Results: The model achieved high geometric accuracy in CTVcw, CTVsc, CTVim, heart, left ventricle, and right ventricle, with average DSC of 0.85, 0.83, 0.75, 0.96, 0.80 and 0.85, respectively. The average DSC of the LAD and RCA was 0.64 and 0.53, respectively. The average ASSD for most CTV and cardiac structures were within 2 mm, apart from LAD with ASSD of 2.98 mm. The dose coverage, based on D98 > 95%, was fulfilled for 96.7% of the CTVsc, and both 86.7% for CTVcw and CTVim.

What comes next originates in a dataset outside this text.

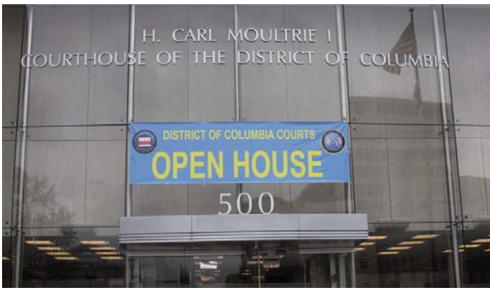
A sign on the new front entrance of the Moultrie Courthouse welcomes the public to the Open House.

There was no statistically significant difference in the dosimetric parameter values of the cardiac structures between the automatic contouring and the manual contouring, and the Dmean had a strong linear correlation, with the correlation coefficient ranging from 0.843 to 0.970. In the clinical qualitative evaluation, except that the RCA of two patients were rated as a major revision, the other structures were all rated as minor revisions or no revision.
Conclusions: This nnU-Net v2 model provides clinically robust automated delineation of postmastectomy radiotherapy target volumes and cardiac substructures. This model provides important technical support for optimizing radiotherapy plans and cardiac protection in the future.